Friday, November 30, 2012

Choose Life: An Ode to Trainspotting's Opening Monologue



My love of cinema grew into full bloom in the mid-1990s, at a time when I had moved from my isolated hometown to a city with an art house theater and video rental stores that carried foreign films.  One fateful night, near the beginning of my junior year of college, I went with my best friend to see Trainspotting, a film that both of us became instantly and totally obsessed with.  I saw it at least twice in the theater, and dropped lines from the film into conversation at every opportunity.
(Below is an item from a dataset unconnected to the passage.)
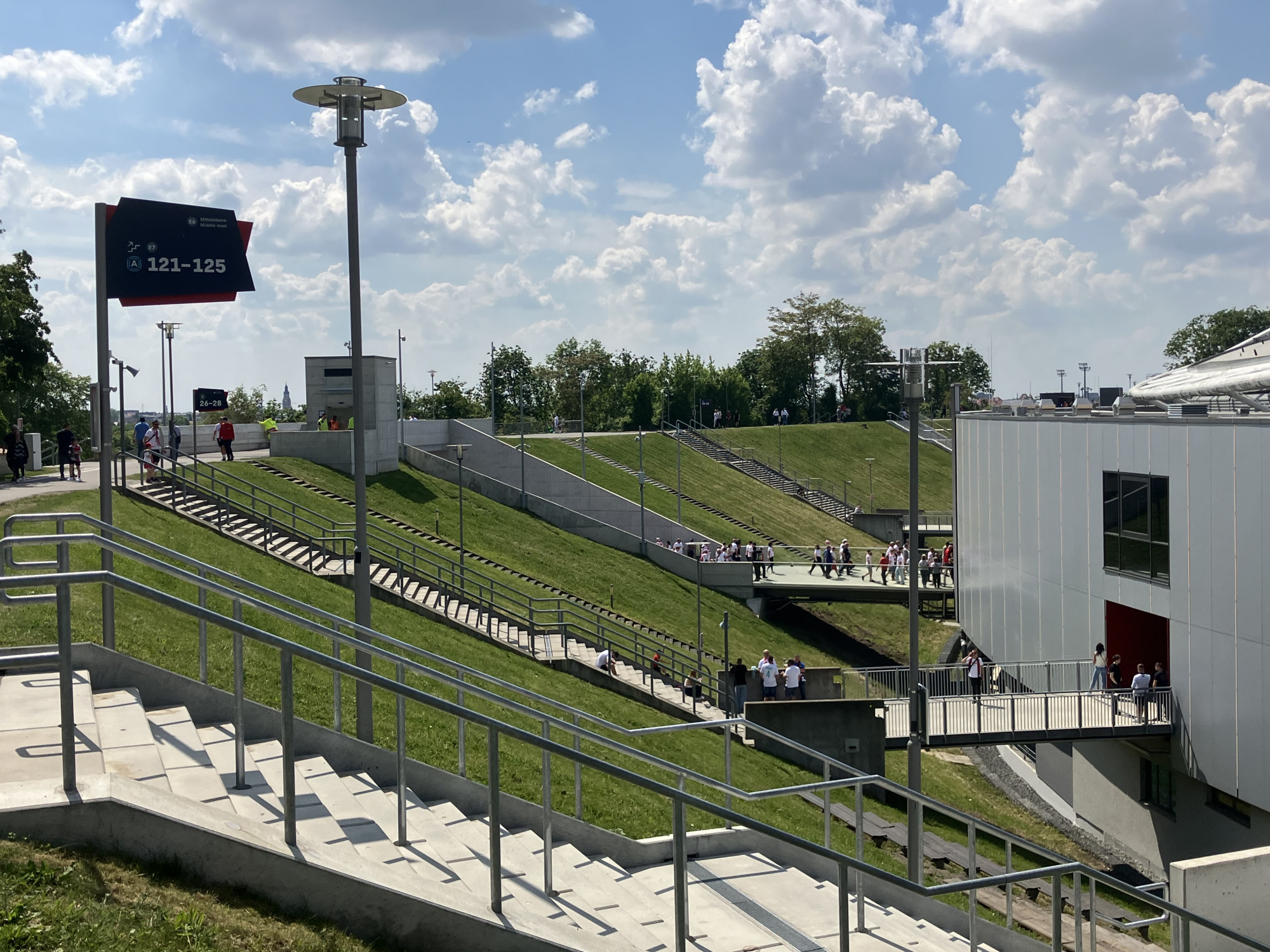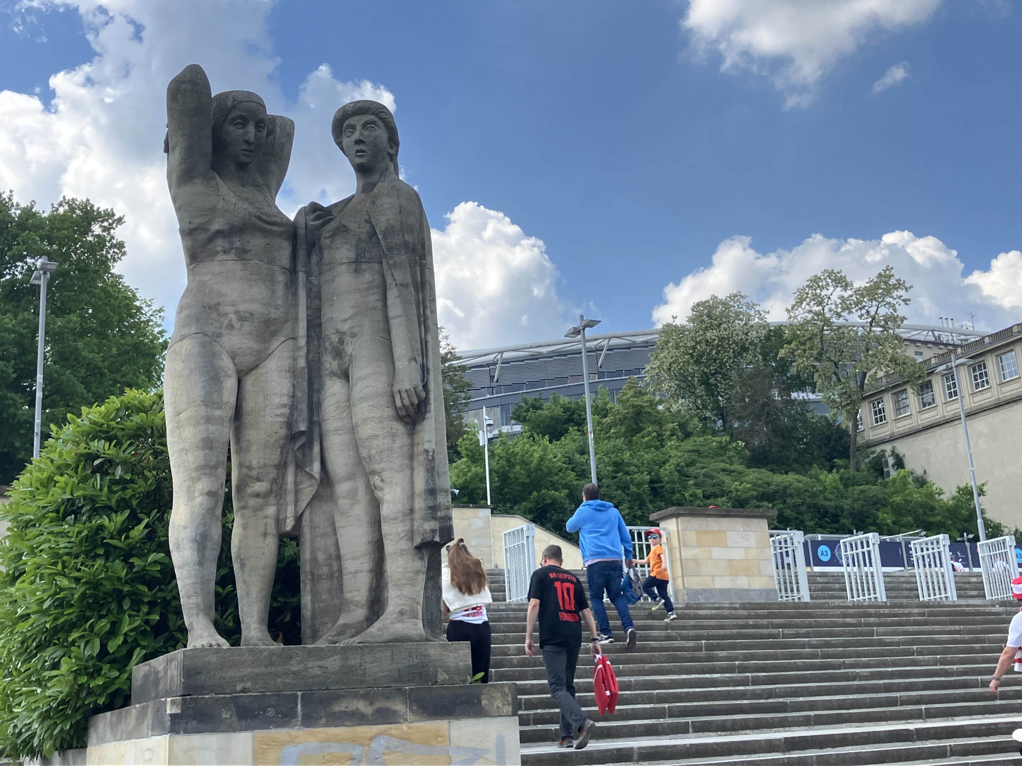 A meccset a lipcsei Red Bull Arenában játsszák, ami egy stadion a stadionban. Az ultramodern stadiont a régi, kelet-német Zentralstadion karéját felhasználva építették meg. Tavasszal jártam ott, csináltam néhány képet az NDK-s időkből megmaradt szobrokról, lelátórészről

Beyond its obvious quality as a film, it appealed to my lifestyle at the time, which I guess you could call  "chickenshit bohemian."  I had developed a pretty intense dislike of mainstream American society, but wasn't brave enough to drop out of it, or cool enough to pass as a real, honest to God bohemian.  You could say that I was a nerd with hipster predilections.  Unable to truly rebel, I got off on the works of Hunter S. Thompson and William Burroughs, vicariously experiencing the drug-addled benders that I'd never have in real life.  I listened to lots of Velvet Underground to boot, blasting "Sister Ray" with abandon.

Needless to say, when Trainspotting began with Iggy Pop's "Lust For Life" blaring out of the speakers and Ewan McGregor intoning the classic monologue about "choosing life" I was hooked like the addicts in the film.  By "life" it means conventional consumerist existence unto meaningless death.  This pretty well summed up my feelings about my probable future at the time, and even if I wasn't choosing heroin, I was desperately hoping not to choose the kind of life that main character Mark Renton described.  Of course, his unconventional lifestyle ends up becoming a nightmare, with a dead baby, violence, disease, and overdoses.

That didn't stop me from buying a poster with the words of the "choose life" speech written on it, something I positioned above my bed so that I could see it every day, a reminder of the need to keep my sights on something higher.  Fifteen years later, my bohemian pretensions are mostly memories.  I'm married with two kids, worried about being able to afford a home, and hold the eminently respectable job of high school teacher.  I'm pretty happy too, much happier than I used to be in my faux Henry Miller years.  That said, I'm not beyond popping Trainspotting into the DVD player from time to time, for a vicarious reminder of the edgy person I tried to fool myself into believing I could be.